# RQ-VAE Training

Train a Residual Quantized Variational AutoEncoder (RQ-VAE) to learn semantic IDs for items in a catalogue.

**Environment:** RunPod Jupyter with GPU

**What this does:**
1. Load item catalogue (JSONL format)
2. Generate embeddings using a pretrained embedding model
3. Train RQ-VAE to compress embeddings into discrete codes
4. Save trained model (optionally to W&B artifacts)

**Outputs:**
- `models/rqvae_model.pt` - Trained RQ-VAE model

## 1. Setup

In [None]:
# Check GPU availability
!nvidia-smi

In [None]:
# Navigate to project root if needed
import sys
import os

if os.path.abspath(".").endswith("notebooks"):
    repo_root = os.path.abspath("..")
    print(f"Current directory: {os.getcwd()}, changing to {repo_root}")
    if repo_root not in sys.path:
        sys.path.insert(0, repo_root)
    os.chdir(repo_root)
else:
    print(f"Already in project root: {os.getcwd()}")

In [None]:
from unsloth import FastLanguageModel # Always import unsloth first

In [None]:
import torch
from pathlib import Path

from src.rqvae import (
    train,
    RqvaeTrainConfig,
    SemanticRQVAE,
    SemanticRQVAEConfig,
)

print("Imports successful")
print(f"PyTorch version: {torch.__version__}")
print(f"CUDA available: {torch.cuda.is_available()}")

## 2. Configuration

All training parameters are consolidated into `RqvaeTrainConfig`.

In [None]:
import yaml

# Load configuration from YAML
with open("notebooks/rqvae_config.yaml") as f:
    config_dict = yaml.safe_load(f)

config = RqvaeTrainConfig(**config_dict)

# Create output directories
Path("models").mkdir(exist_ok=True)

print("Configuration:")
print(f"  Catalogue: {config.catalogue_path}")
print(f"  Embedding model: {config.embedding_model}")
print(f"  Codebook: {config.num_quantizers} levels x {config.codebook_size} codes")
print(f"  Total semantic ID space: {config.codebook_size ** config.num_quantizers:,} unique IDs")
print(f"  Output model: {config.model_save_path}")
print(f"  W&B project: {config.wandb_project}")
print(f"  Log W&B artifacts: {config.log_wandb_artifacts}")

## 3. Train RQ-VAE

The `train()` function handles the complete training lifecycle:
1. Initialize W&B (if project provided)
2. Load catalogue and generate/cache embeddings
3. Split dataset into train/val
4. Train the model with Lightning
5. Evaluate and compute final metrics
6. Log summary metrics to W&B
7. Clean up W&B run

In [None]:
# Run end-to-end training
result = train(config)

print("\n" + "="*50)
print("Training Complete!")
print("="*50)

## 4. Review Results

The `train()` function returns a `TrainResult` containing:
- `model`: Trained SemanticRQVAE model
- `config`: Model configuration
- `metrics`: Dictionary of final evaluation metrics
- `semantic_ids`: Mapping of item_id -> semantic_id string

In [None]:
# Display final metrics
print("=== Final Metrics ===")
print(f"Average perplexity: {result.metrics['avg_perplexity']:.2f} / {config.codebook_size} (max)")
print(f"Average usage: {result.metrics['avg_usage']*100:.1f}%")
print(f"Total items: {result.metrics['total_items']}")
print(f"Unique semantic IDs: {result.metrics['unique_semantic_ids']}")
print(f"Collision rate: {result.metrics['collision_rate']*100:.2f}%")
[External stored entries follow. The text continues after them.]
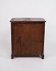 Lille antikt konsol-/entréskab fra 1880’erne. Mahogni og nøddetræ med runde ben.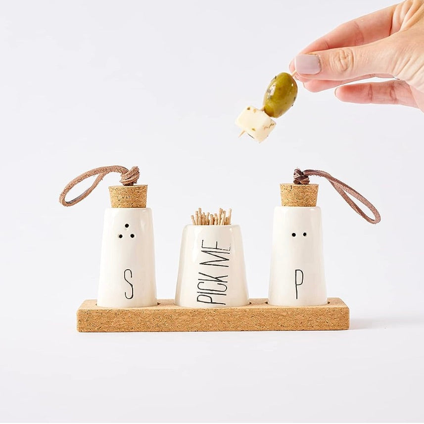 It's so convenient to keep everything in one place with this 7-Piece Salt, Pepper & Toothpick Set. Includes two ceramic salt & pepper shakers featuring debossed letters "S" and "P" and cork stoppers with genuine leather loops. The shakers sit on a cork display tray with coordinating ceramic toothpick holder and one pack of wooden toothpicks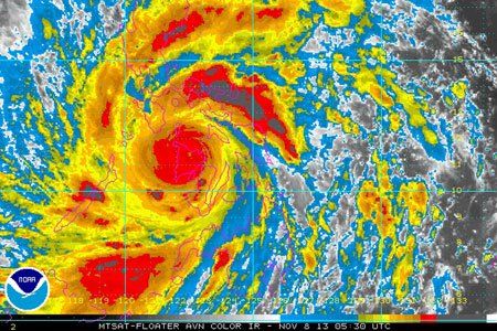 “Haiyan”, der als einer der gefährlichsten Wirbelstürme seit Jahrzehnten gilt, erreichte am Freitagmorgen die philippinische Ostküste.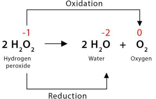 Same oxygen species is both oxidised and reduced → disproportionation.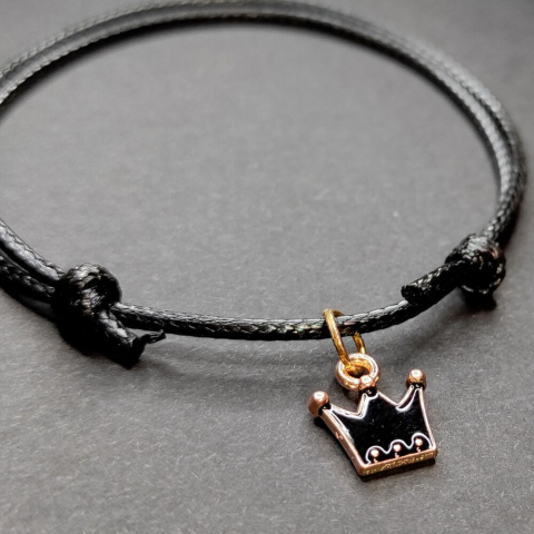 1 kép Fekete zsinórszövet karkötő fekete tűzzománc korona charmmal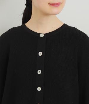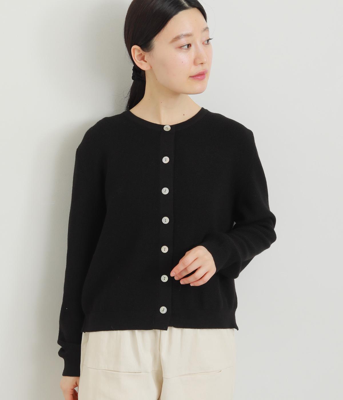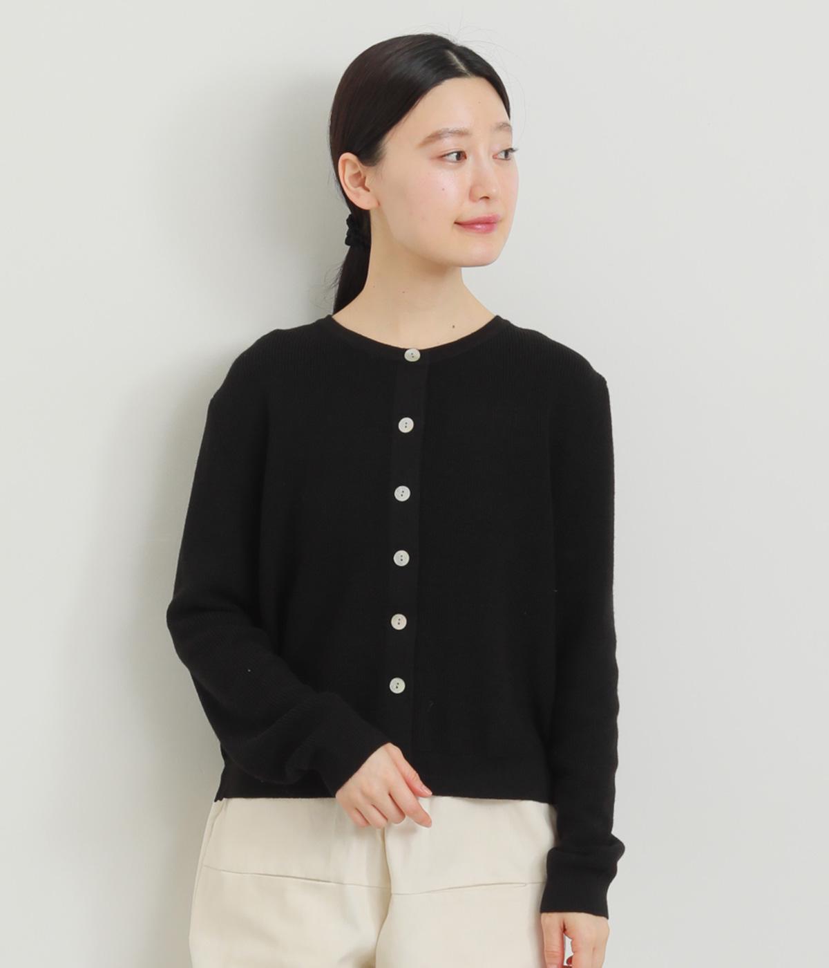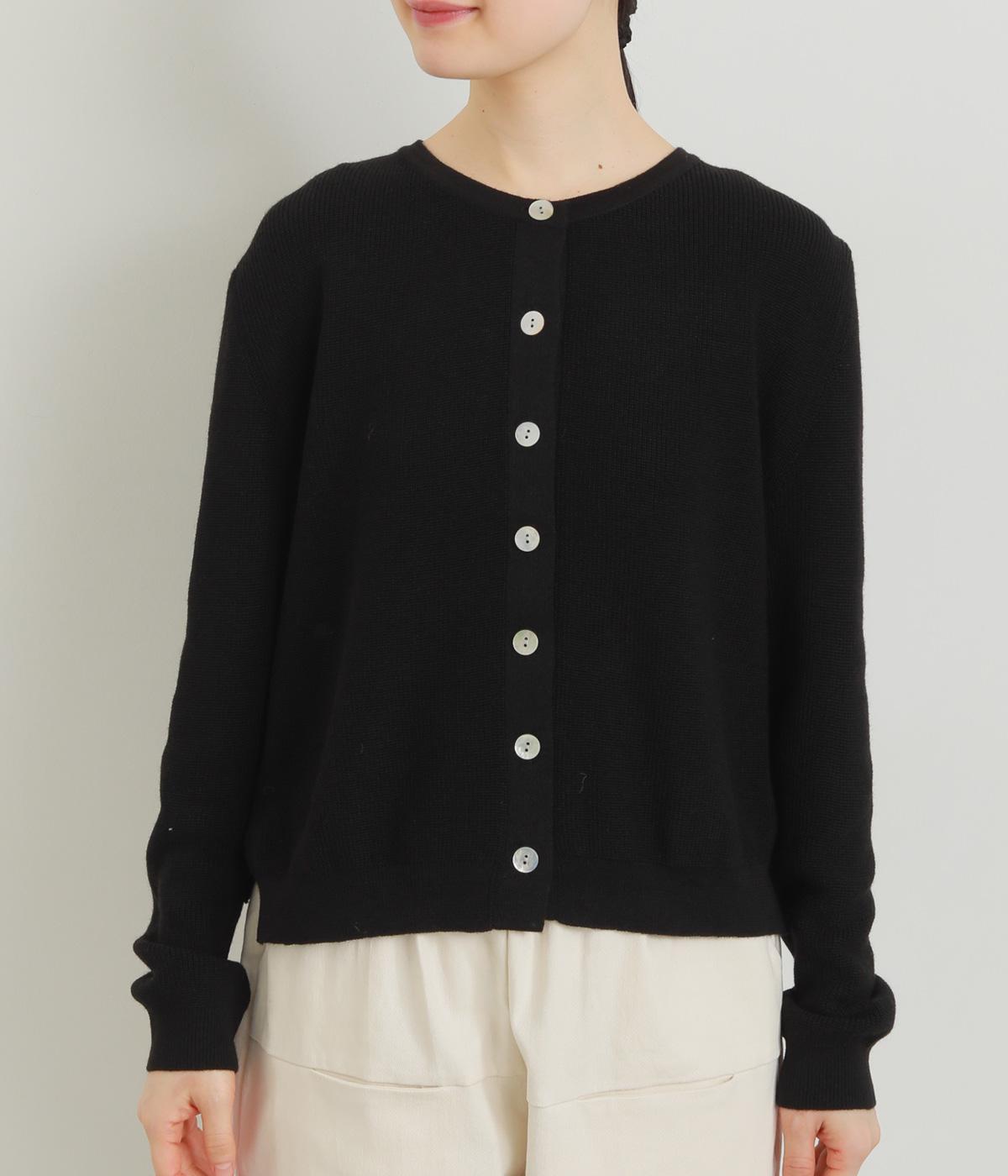 コンパクトなシルエットにシェルの多ボタンでデザインをきかせたシンプルなカーディガン。袖はやや長めに設定して、自然にくしゅっとたるんでちょうどいいニュアンスになります。両サイドスリット入りがすっきり見えのポイント。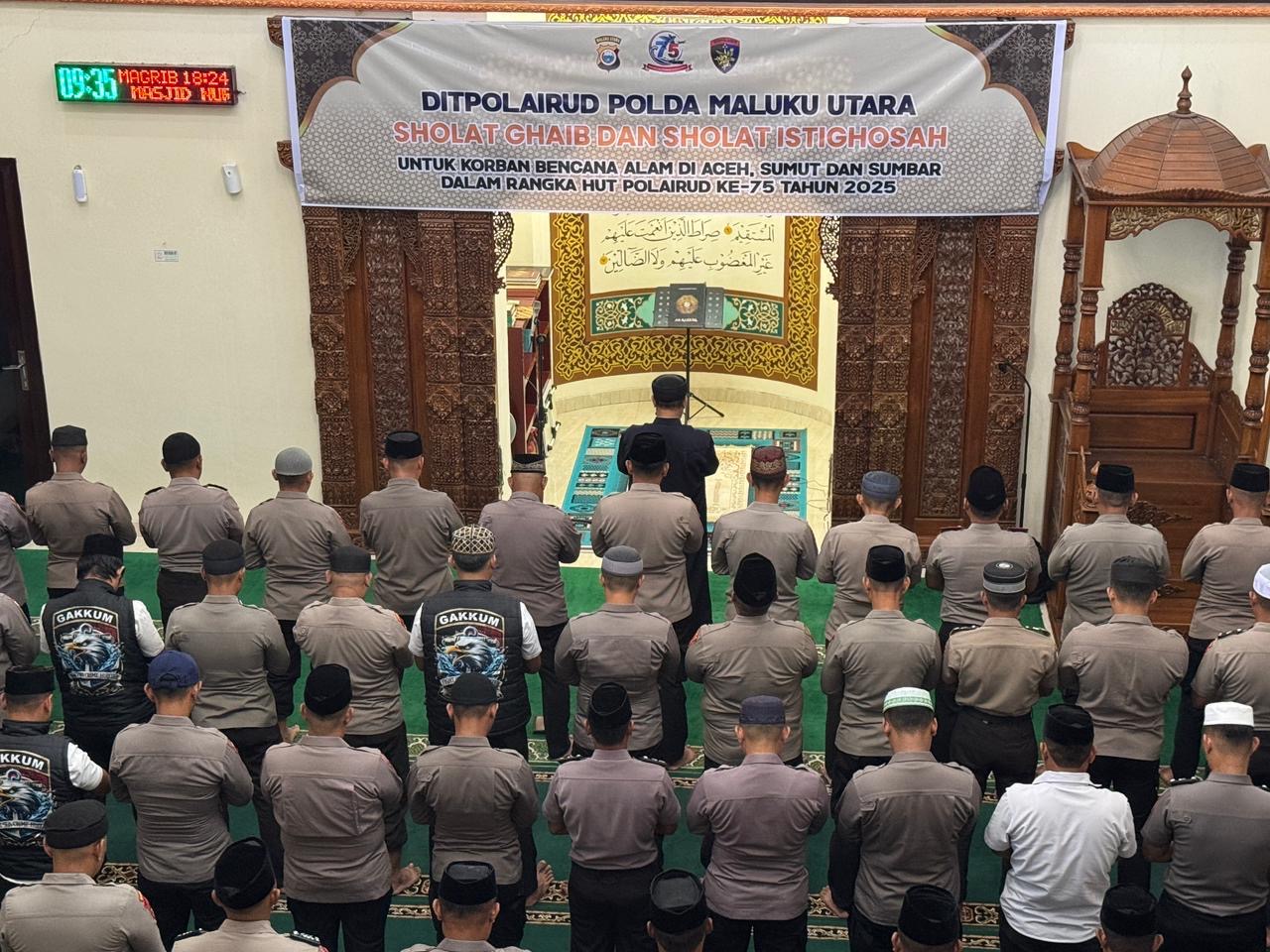 Direktorat Kepolisian Perairan dan Udara (Polairud) Polda Maluku Utara menggelar salat gaib dan salat istighosah untuk para korban bencana alam di Aceh, Sumatera Utara, dan Sumatera Barat. Pada senin (1/12/2025) di Masjid Nurul Huda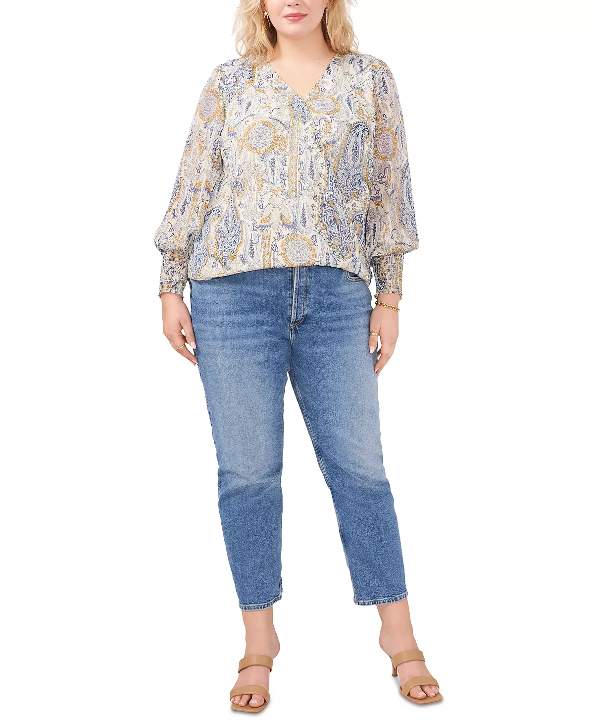 Look pretty in paisley with this crossover plus size top from Vince Camuto.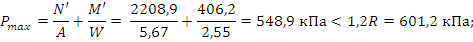 внутреннего трения и удельное сцепление грунта определяются согласно табл.3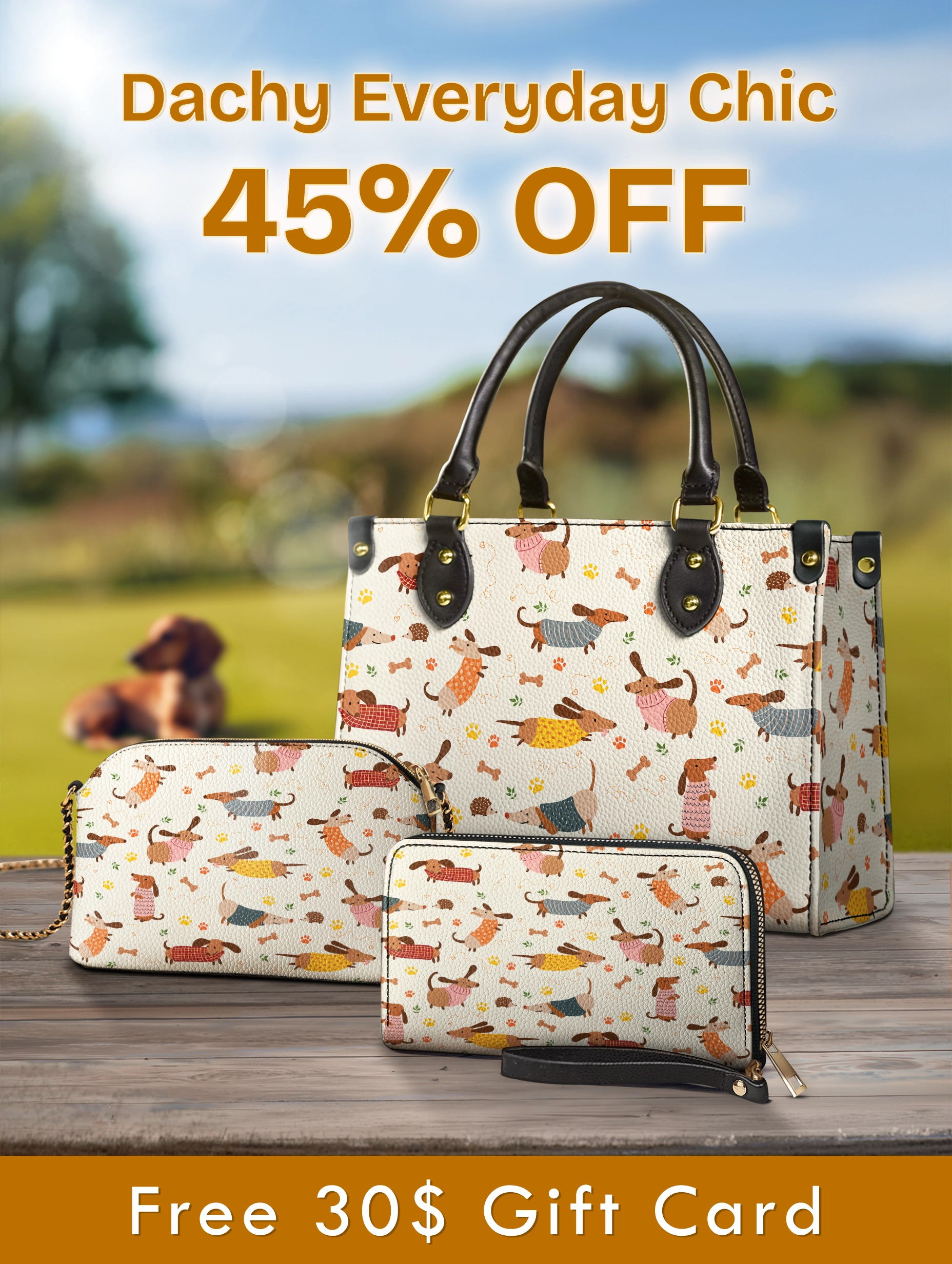 The leather bag offers generous space for your daily essentials, the wallet keeps your cards and cash neatly organized, and the crossbody gives you a lightweight, hands-free option for days on the go. Together, they create a stylish, practical, and joy-filled set — the ultimate tribute to your dachshund love.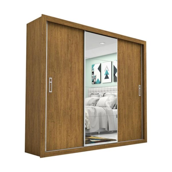 Além do mais, esse belo guarda-roupa possui portas de correr com espelho, trilhos de alumínio para melhor deslizamento das portas, gavetas com corrediças metálicas, puxadores de alumínio e várias repartições internas para alocar melhor suas roupas e pertences.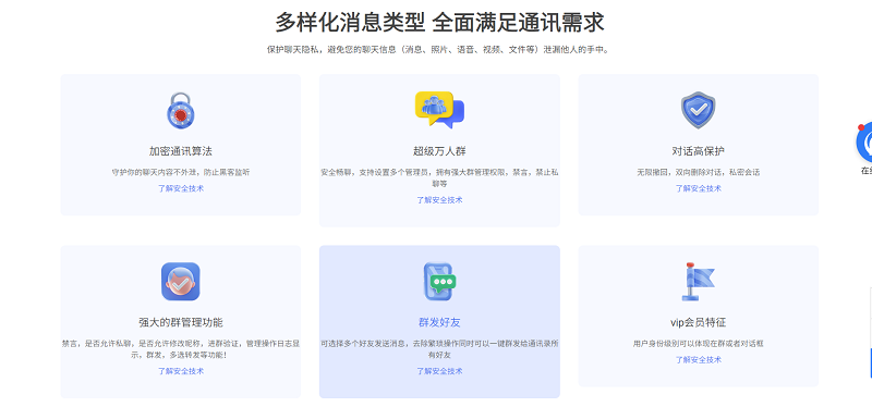 ◦ 支持文字、语音、图片、视频、文件(如文档、照片)等多种消息类型,满足日常交流、工作协作、远程会议等场景需求,尤其适合需要频繁传输多媒体内容的企业团队和社群用户。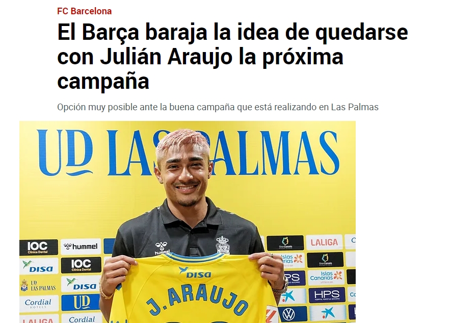罗贝托留队的可能性几乎被排除,他的合同将在6月到期,俱乐部的想法是结束双方之间的合作。因此,巴萨在考虑一些年轻球员,其中之一是朱利安-阿劳霍。目前这名球员被租借到拉斯帕尔马斯并且表现出色,博扬正在关注着他,巴萨管理层正在认真考虑新赛季将他纳入一线队。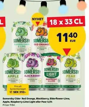 Somersby Cider Red Orange, Blackberry, Elderflower-Lime, Apple, Raspberry-Lime Light eller Pear 4,5% 18 x 33 cl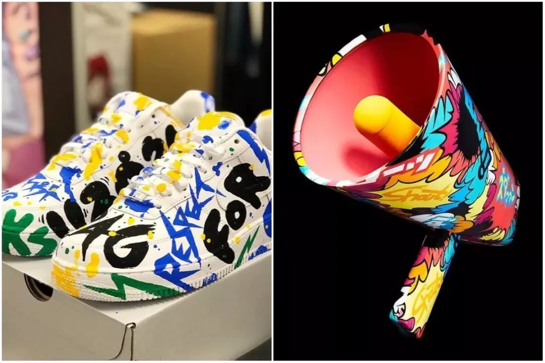 他的作品中充斥着大量的街头风格,仔细一看还有不少对话框、拟声词这样的动漫和漫画元素。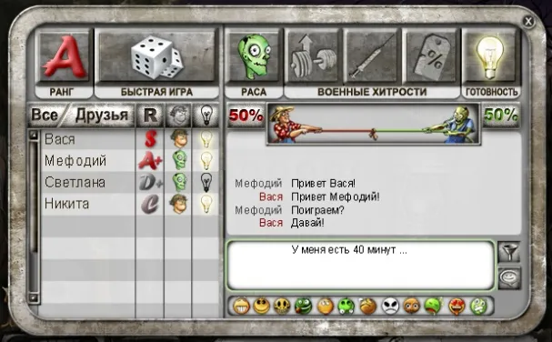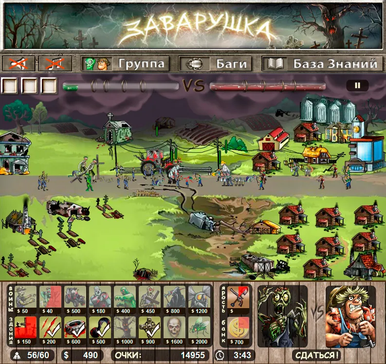 В увлекательной стратегии 'Заварушка!' выбери сторону в борьбе между нежитью и людьми. Тренируйся в кампании, сражайся с реальными соперниками в онлайне и зарабатывай рейтинг. Присоединяйся к битве и стань лучшим бойцом!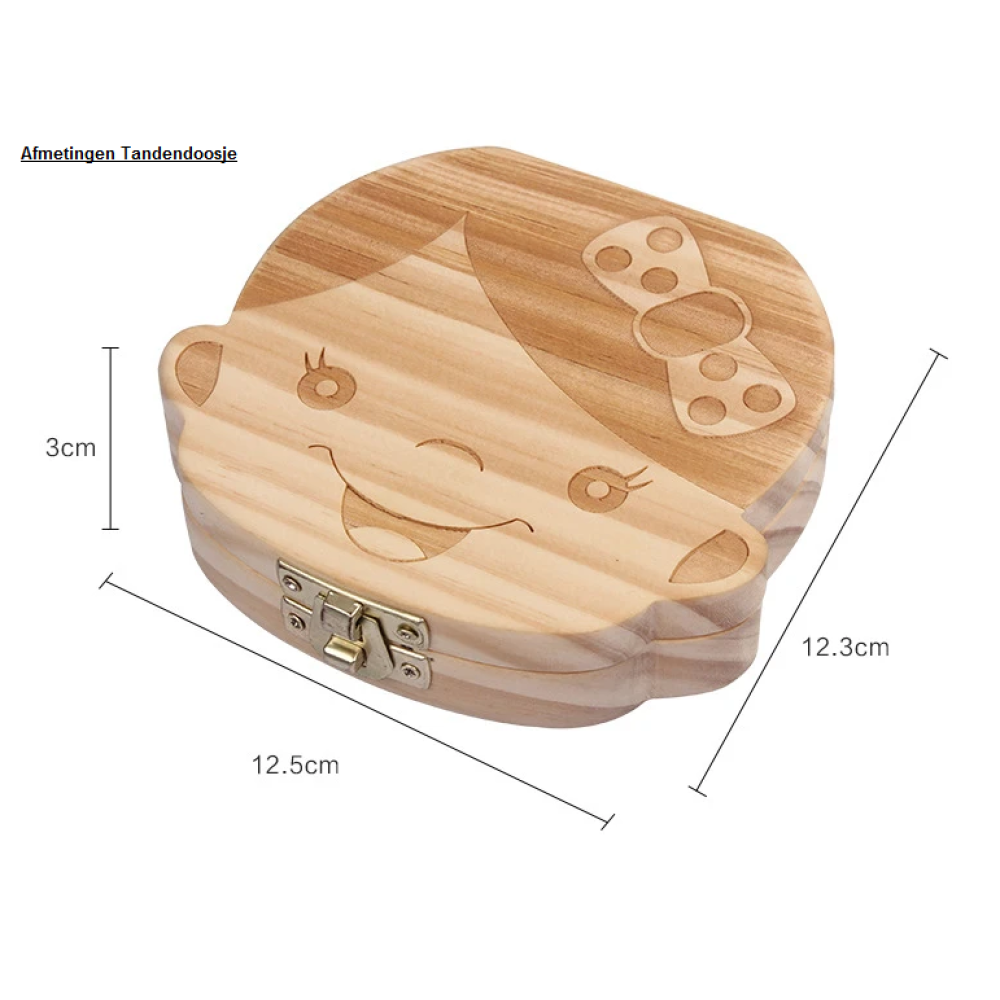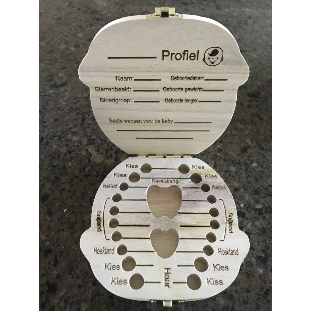 Duurzaam opberg doosje met solide sluiting voor het opbergen van de melktanden van het kind, ook ruimte voor stukje haar en navelstreng.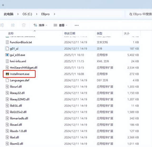 在工业自动化设备的销售订单,常常面临这样一个尴尬的困境:凭借过硬的技术和优质的设备,签下订单并不难,但后续的收款环节却屡屡受阻。巨额的设备款项压得采购方喘不过气,也让销售方的资金周转陷入僵局,轻则影响企业的正常运营,重则可能引发一系列连锁反应,破坏合作双方的信任。面对 “卖出容易、收款难” 的行业痛点。 对一些收款难的设备,分期付款的程序功能是很有必要的,分期付款的程序可以写在PLC里面,这种一旦程序被读出就能破解。威纶通CMT X系列的触摸屏也提供了分期付款的功能,通过简单的设置就能实现。 首先需要到EB pro软件的安装目录,打开installment.exe文件。

print("\nPer-level breakdown:")
for q in range(config.num_quantizers):
    perp = result.metrics[f'level_{q}_perplexity']
    usage = result.metrics[f'level_{q}_usage'] * 100
    print(f"  Level {q}: perplexity={perp:.1f}, usage={usage:.1f}%")

In [None]:
# Show sample semantic IDs
print("=== Sample Semantic IDs ===")
for i, (item_id, sem_id) in enumerate(list(result.semantic_ids.items())[:5]):
    print(f"  {item_id}: {sem_id}")

## 5. Test Loading from W&B Artifact

Verify that we can load the trained model from the W&B artifact.

In [None]:
import wandb

if config.log_wandb_artifacts:
    # Initialize a new wandb run to download the artifact
    wandb.init(
        project=config.wandb_project,
        job_type="artifact-verification",
    )
    
    # Download the artifact we just logged
    artifact = wandb.use_artifact(f"{config.artifact_name}:latest")
    artifact_dir = artifact.download()
    
    print(f"Downloaded artifact to: {artifact_dir}")
    print(f"Artifact metadata: {artifact.metadata}")
    
    # Load the model from artifact
    checkpoint = torch.load(f"{artifact_dir}/rqvae_model.pt")
    artifact_config = SemanticRQVAEConfig(**checkpoint["config"])
    artifact_model = SemanticRQVAE(artifact_config)
    artifact_model.load_state_dict(checkpoint["model_state_dict"])
    artifact_model.eval()
    
    print(f"\nLoaded model from W&B artifact: {config.artifact_name}:latest")
    print(f"  Config: {checkpoint['config']}")
    
    wandb.finish()
else:
    print("Skipping artifact verification (log_wandb_artifacts=False)")

In [None]:
if config.log_wandb_artifacts:
    # Verify artifact model produces same outputs as trained model
    from src.rqvae import ItemEmbeddingDataset
    
    # Load embeddings to test
    dataset = ItemEmbeddingDataset.from_embeddings_file(config.embeddings_cache_path)
    test_embeddings = dataset.embeddings[:5]
    
    # Get device of trained model
    device = next(result.model.parameters()).device
    
    with torch.no_grad():
        # Get IDs from trained model
        original_ids = result.model.semantic_id_to_string(
            result.model.get_semantic_ids(test_embeddings.to(device))
        )
        
        # Get IDs from artifact model (on CPU)
        artifact_ids = artifact_model.semantic_id_to_string(
            artifact_model.get_semantic_ids(test_embeddings)
        )
    
    print("=== Artifact Verification ===")
    all_match = True
    for i, (orig, art) in enumerate(zip(original_ids, artifact_ids)):
        match = orig == art
        all_match = all_match and match
        status = "OK" if match else "MISMATCH"
        print(f"  [{status}] {orig}")
    
    if all_match:
        print("\nArtifact model produces identical outputs to trained model")
    else:
        print("\nWARNING: Artifact model outputs differ from trained model!")
else:
    print("Skipping artifact verification (log_wandb_artifacts=False)")